I have multiple csv files on a datalake.我在数据湖上有多个 csv 文件。 I can connect to the datalake and can even list the files.我可以连接到数据湖,甚至可以列出文件。 But I need to put these files in one dataframe, so I can load this dataframe to SQL.但是我需要将这些文件放在一个数据框中,这样我就可以将这个数据框加载到 SQL 中。 Loading to SQL is also no problem.加载到SQL也没有问题。 The problem is that only the content of the last file in the datalakefolder is read und written to SQL (and thus also in the dataframe).问题是只有 datalakefolder 中最后一个文件的内容被读取和写入 SQL(因此也在数据框中)。 Probably because the dataframe is overwritten each time.可能是因为数据帧每次都被覆盖。 But I don't know how to append data to the dataframe on each cycle Here's the code I use:但我不知道如何在每个周期将数据附加到数据框这是我使用的代码:

    for file in dayfolders.collect():
      filename = file.name
      pathname = file.path
      tablename = "Obelix" 
      if filename.endswith(".csv"): 
          df = spark.read.format("csv")\
          .option("inferschema", "true")\
          .option("header","true")\
          .load(file.path)
          continue
      else:
          continue 

If I put the statement print(filename) directly after the the for statement I can see it loops through the three files.如果我将语句 print(filename) 直接放在 for 语句之后,我可以看到它循环遍历三个文件。 All files seperatly are processed just fine所有文件单独处理就好了

You can import using a list of files.您可以使用文件列表导入。 They'll be automatically combined together for you.它们会自动为您组合在一起。
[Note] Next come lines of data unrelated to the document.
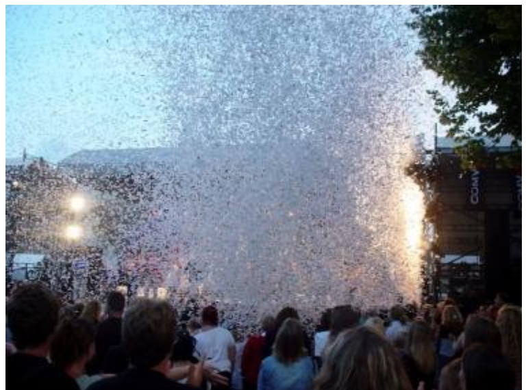
Konfettikanone im Einsatz 1

Wie viele Bögen benötigt man für 100 Tonnen Konfetti?
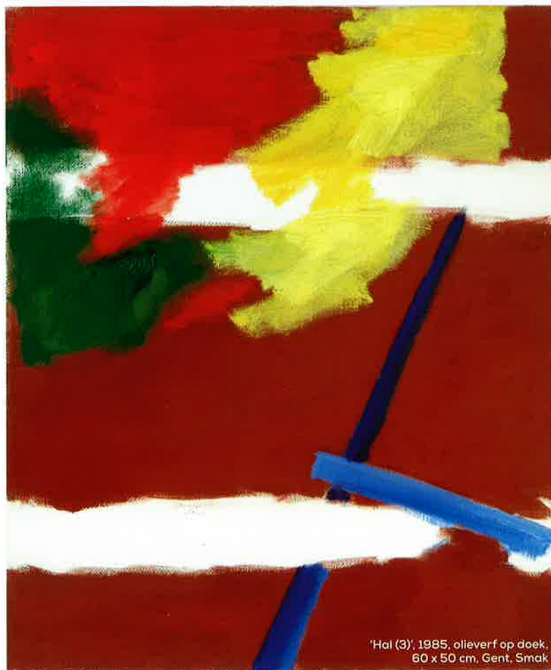
'Hal (3)', 1985, olieverf op doek, 60 x 50 cm, Gent, Smak
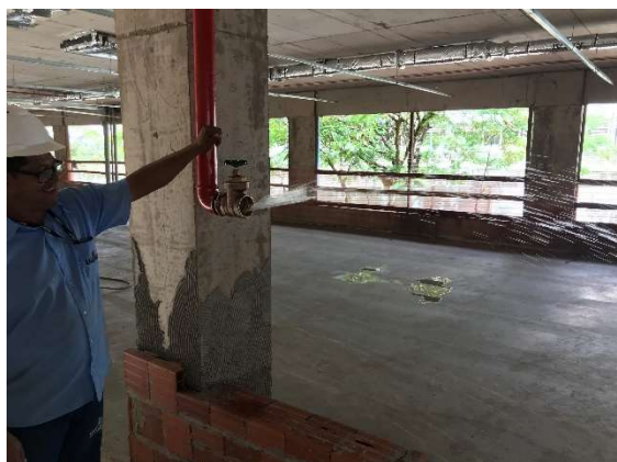
17 – Teste de tubulação de hidrante.
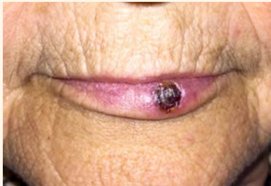
Figura 3. Aspecto de la lesión inmediatamente después del tratamiento.
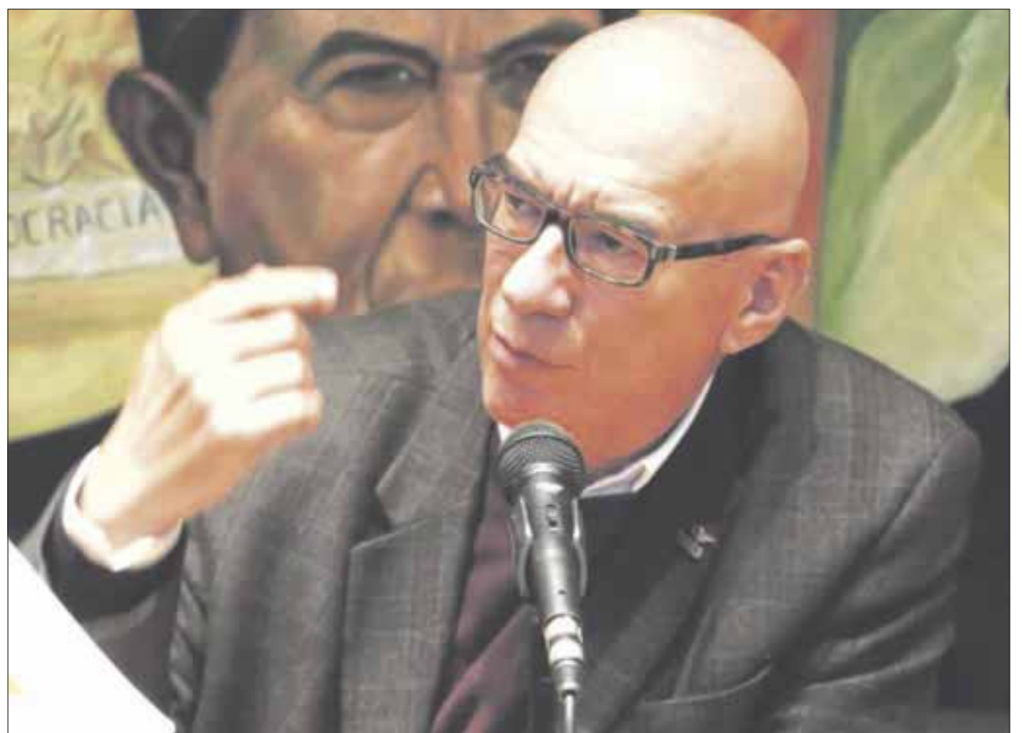
Dante Delgado , propietario de Movimiento Ciudadano.
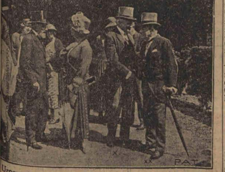
Uroczystego otwarcia dokonał premier angielski Baldwin w obecności ambasadora Francji p. de Fleuriot
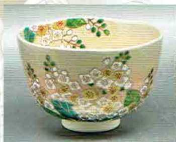
19-206 茶碗 御本 梓 伊坂清香作 (化粧箱) ¥11,232 (本体¥10,400)
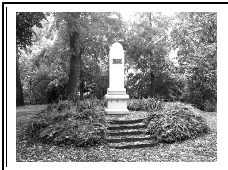
A Kossuth téri 1848–49-es emlékmű rekonstrukciója. Itt tartották a helyi forradalmi események kezdetét jelentő nagygyűlést.
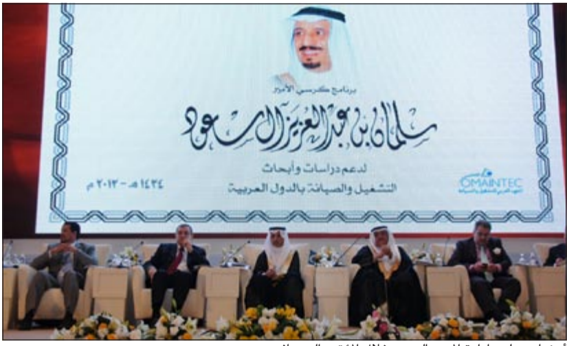
أعضاء مجلس إدارة المعهد العربي خلال المؤتمر الصحفي
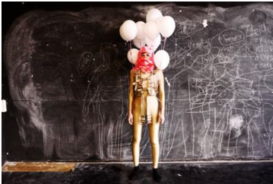
Choreografie „Zerstörung für Anfänger“. Ein Projekt von Mey Sefan.
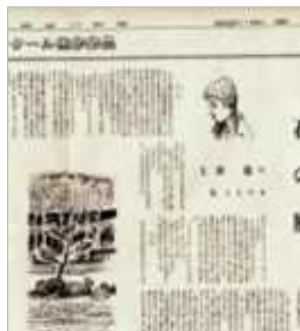
神奈川新聞掲載「石の庭」
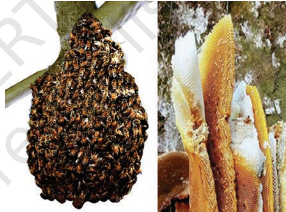
चित्र 1.7 मधुमक्खी का छत्ता

क्या आप जानते हैं कि शहद कहाँ से आता है या यह कैसे उत्पादित होता है? क्या आपने एक मधुमक्खी का छत्ता देखा है, जहाँ बहुत-सी मधुमक्खियाँ भिनभिनाया करती हैं? मधुमक्खियाँ फूलों से मकरंद (मीठे रस) एकत्रित करती हैं और इसे अपने छत्ते में भंडारित करती हैं (चित्र 1.7)। फूल और उनका मकरंद, वर्ष के केवल कुछ समय में ही उपलब्ध होते हैं। अतः मधुमक्खियाँ
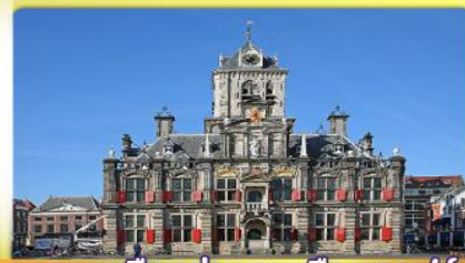
อาคารเมืองท่าคลองเมืองเคลฟท์
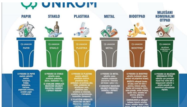
Slika 9. Odvajanje otpada ( https://unikom.hr/novosti/otiskani-vodici-za-pomoc-pri-odvajanju-otpada/ )

Subjekti kojima je vrsta djelatnosti prikupljanje metala za reciklažu imaju obavezu i dužnost pridržavati se zakonskih normi koje se odnose na gospodarenje metalnim otpadom te ispunjavati propisane tehničke uvjete u vezi s prikupljanjem, zbrinjavanjem i recikliranjem metalnog otpada, posjedovati okolišnu dozvolu i sl. u sustavu održivosti i reciklabilnosti najvažniji proces jest razvrstavanje otpada. Na području Republike Hrvatske, metali se u kućanstvima razvrstavaju zajedno s plastikom, no u svakoj obradi otpada, metalni se otpad odvaja uz pomoć magneta (Ficko, 2013).
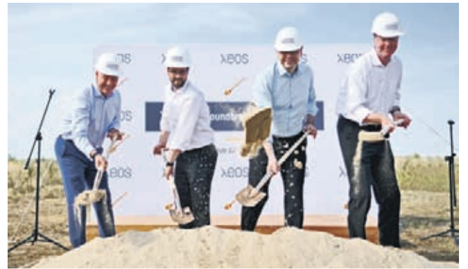
Uroczystość Wbicia Pierwszej Łopaty 22.07.2017

Głównym przeznaczeniem zakładu będzie serwisowanie silników typu GENx-2B, a w kolejnych latach również typu GE9X. Aktualnie w komercyjnym użyciu przez 18 operatorów lotniczych na całym świecie jest prawie 500 silników GENx-2B, które wylatały już w sumie 5 mln godzin, osiągając świetne wyniki
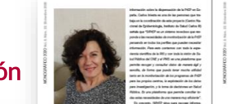
FOTOGRAFÍA DE LA RED DE INVESTIGACIÓN EN SIDA (RIS) EN EL MARCO DEL CONGRESO NACIONAL SOBRE EL SIDA E ITS EN BILBAO, 4-6 OCTUBRE 2022.

La apuesta por contar la ciencia en la RMDs de la Red de Investigación en Sida (RIS) y de la Cohorte CoRIS.
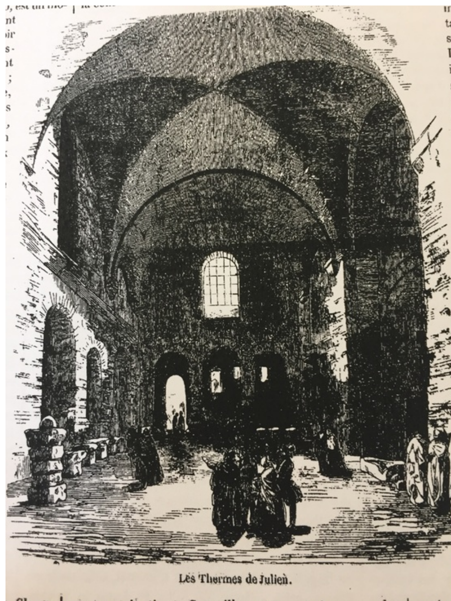
"Entrée de l'hôtel de Cluny" et "Les Thermes de Julien", Tableau de Paris d'Edmond Texier, 1853
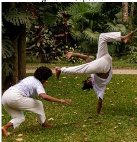
Figura 4 – Capoeira
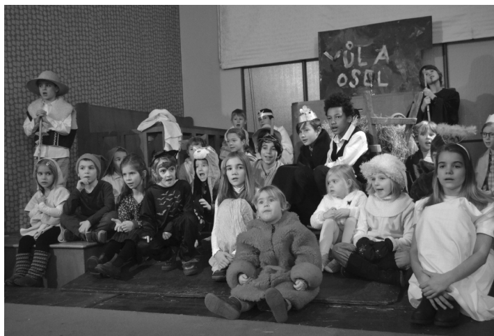
Vánoční pohádka dětí – Vůl a osel
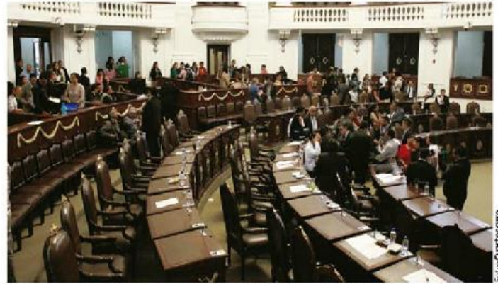
DIPUTADOS LOCALES al suspender actividades en la ALDF, ayer.

De esta manera, la presentación del punto de acuerdo a cargo de la diputada priista en calidad de presidenta de la Comisión de Educación será hasta el 18 de
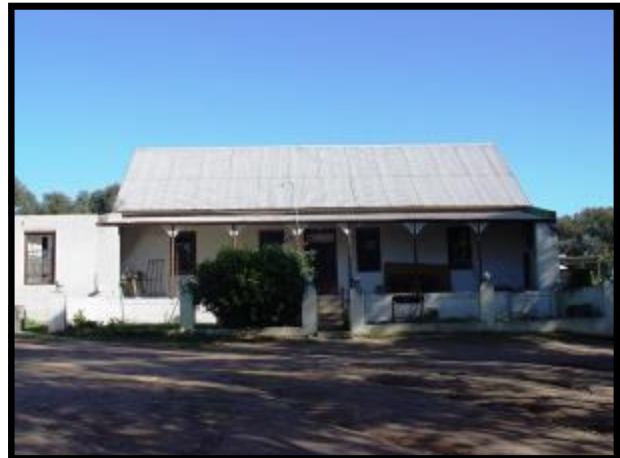
Opstal op Noodhulp waar die skrywer groot geword het.
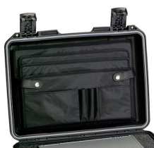
IM2300-LIDORG Pochette couvercle
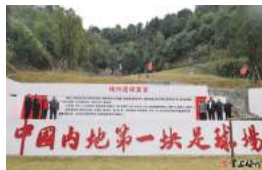
現場舉行《梅州足球宣言》揭幕儀式。
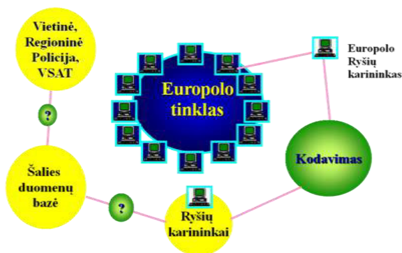
2 pav. Informacijos perdavimo schema

Informacijos rinkimas (2 pav.) vyksta regioniniu lygiu tiek policijoje, tiek Valstybės sienos apsaugos tarnyboje bei kitur, informacijos patalpinimas į duomenų nacionalines bazes bei nacionalinio ryšių karininko informacijos šifravimas ir perdavimas atsakingam Europolo pareigūnui iki tol, kol visa minėta informacija yra įvedama į duomenų bazę.
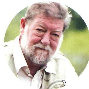
長野県森林大使 C.W. ニコル 氏
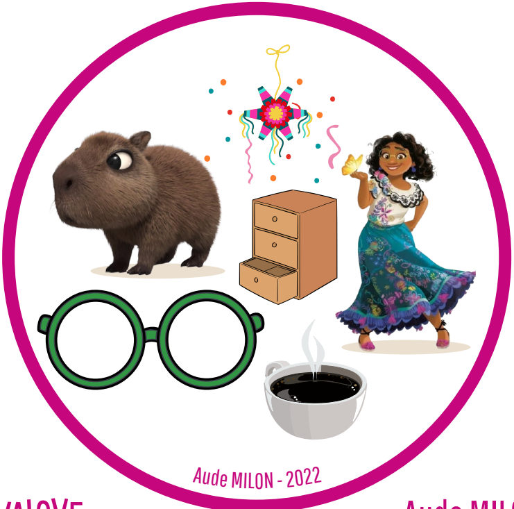
Aude MILON - 2022

csv_import = sqlContext.read\
  .format('csv')\
  .options(sep = ',', header='true', inferSchema='true')\
  .load([file.path for file in dayfolders.collect()])\
  .createOrReplaceTempView(<temporary table name>)

If you're set on reading in files as individual dataframes then you need to union each dataframe together:如果您打算将文件作为单独的数据帧读取,那么您需要将每个数据帧联合在一起:

for ind, file in enumerate(dayfolders.collect()):
  if ind == 0:
    df = spark.read.format("csv")\
      .option("inferschema", "true")\
      .option("header","true")\
      .load(file.path)
  else:
    df = df.union(spark.read.format("csv")\
      .option("inferschema", "true")\
      .option("header","true")\
      .load(file.path))

I do not recommend you do that.我不建议你这样做。 Just use the first method.使用第一种方法即可。

You dont have to give the ForLoop.You can give "dayfolders/*.csv" in load and it will load all the files directly and combines it to a dataframe.您不必提供 ForLoop。您可以在加载中提供“dayfolders/*.csv”,它会直接加载所有文件并将其组合到一个数据帧中。

f = spark.read.format("csv")\
          .option("inferschema", "true")\
          .option("header","true")\
          .load(dayfolders/*.csv")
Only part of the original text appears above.